Apart from the result of various design, manufacturing, transport or installation issues, most other deterioration processes are caused by TEAM stresses imposed on insulation during operation. Degradation mechanisms caused by operation and maintenance include ageing during normal operation, inappropriate or lack of maintenance and transient surges resulting from abnormal operation. During normal operation, the TEAM stresses act on the deficiencies and accelerate the ageing of insulation to a typical point when failure will eventually occur. One of the purposes of maintenance is to search and eliminate insulation defect. If lack of maintenance and left such defect untreated, it may cause surface tracking or other PDs. Furthermore, metal particles left by engineers during maintenance or resulted from generator components becoming loose during operation may lodge in vulnerable locations of the stator winding and then cause PD, such as phase-to-phase PD and end-winding corona [22]. Other than normal stresses, PDs can be stimulated by transient stresses caused by abnormal operation of the generator or the relevant devices, such as out-of-phase synchronization, power systems transients and/or abnormal external conditions [1,14,19]. Not surprisingly, in aged insulation systems, the final failure is likely to be stimulated by a mild transient stress that would not have been a problem in a new insulation system [20]. Therefore, the sudden PD caused by transient surges is the most critical one, demanding special attention.

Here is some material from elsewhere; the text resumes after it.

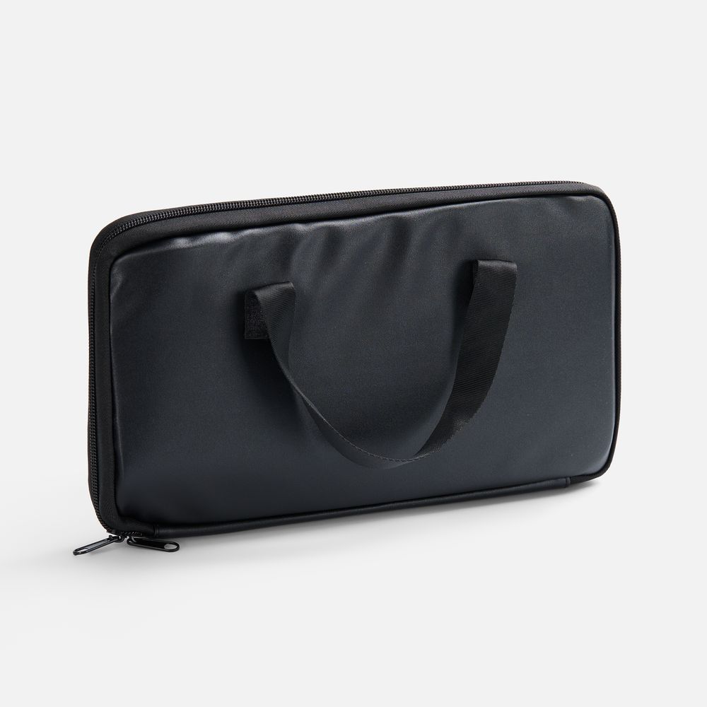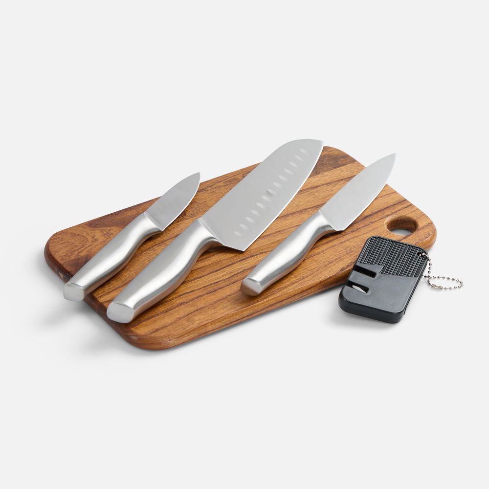 сумка: 33,5х3х19 см; точилка: 7,8х1х5 см; нож для овощей: 19,5х1,6 см; универсальный нож: 23,5х1,6 см; нож сантоку: 29,5х1,9 см; разделочная доска: 28х15,5х1,2 см; упаковка: 19,5х34,5х4,5 см

This is due to the fact that the sudden PD must be various types like arcing, phase-to-phase PD or slot PD as well.

2.3. Characters of PDs

Traditional PD generally results from locally enhanced electric fields at locations where the dielectric properties of insulating materials are degraded and cannot withstand against the electric field stress anymore, and thus occurs mainly at the HV end of stator windings [9]. However, due to specific design and manufacturing deficiencies, transport and installation defects, normal in-service ageing, or abnormal ageing, it may develop throughout the stator winding. Differing from that, arcing and VS are a result of the interruption of currents induced by the magnetic flux within the stator core, which may occur throughout the entire stator winding, and even in bars close to the neutral point [9].
Theoretical estimation and practical measurements have indicated that the frequency spectrum of a fast rise-time unipolar PD pulse contains DC to GHz signals [9]. However, due to the specific location, dielectric properties, electric field distribution and space charge caused by preceding PDs, the actual frequency content of a PD pulse may be part of that [4]. An experiment on realistic bars of a hydro generator conducted by Hudon et al. revealed the frequency content of different types of traditional PD signals [23], as shown in Table 1. Regarding the frequency content of arcing and VS, to the best knowledge of the authors, there are few publications on that. However, practical measurements suggested arcing has a strong component between 10 kHz and 30 MHz [24], while VS has a response peak at 6.7 MHz [25].
PD pattern analysis is the most widely used PD interpretation approach aiming at identifying the root cause of PD in stator winding insulation, including pulse height analysis (PHA) [26] and phase resolved partial discharge (PRPD) [27]. There are many publications showing examples of the PD patterns of particular types of PD [23,28,29,30]. A rather special case is [23], where efforts were made to obtain patterns due just to one type of PD at a time, using multiple objects to confirm the patterns to be representative, as shown in Figure 3, where the phase angle of occurrence of the PD pulse is given along x axis, along the other axis is the magnitude of the PD pulse. As regard to arcing and VS, there is no reference PRPD. However, since VS is driven by the magnetic flux, its PRPD will concentrate at current zero crossings of 0° and 180° (which should be near the voltage zero crossings), and manifest no polarity predominance [31].

2.4. Risk of PDs

The risk of PD depends on the typical deterioration acting on the insulation rather than just on how much damage the different types of PD are expected to cause. According to that, PD can be categorized in the descending order of energy and damage as arcing, sparking and traditional PD [9,29]. The risk associated with delaminations is given by [32] as “high”, above all traditional PD sources other than slot PD, and followed by end-winding PD and internal PD. With regard to the time between onset of PD and final insulation failure, arcing is the shortest [20]. As a destructive mechanism, VS has sufficient power to cause insulation to fail rapidly [21]. As to traditional PD, slot PD is the fastest type, while end-winding PD and internal PD are relatively gentle [20]. The time to failure by phase to phase PD penetration of insulation is 5 years or more [20]. In the case of internal PD, the failure time associated with delaminations is usually less than 10 years [20]. As long as internal voids are small and do not significantly enlarge, internal void PD is negligible [9].

2.5. Summary

The last decades have seen a great advance in PD knowledge. Early research was biased towards the discharge in HV bars of a stator winding. With VS that occurs even in neutral parts of a stator winding now being widely discussed, having a generalized concept for PD has become even more important. That is why PD is generalized as an electrical discharge endangering the stator winding insulation of generators in this paper. Due to various insulation degradation mechanisms, the PDs in large generators vary in location, frequency feature and damage to insulation, as shown in Table 1. In order to monitor the insulation condition accurately, it is of vital importance to detect all the PDs, throughout the entire stator winding and frequency content as well as time of occurrence.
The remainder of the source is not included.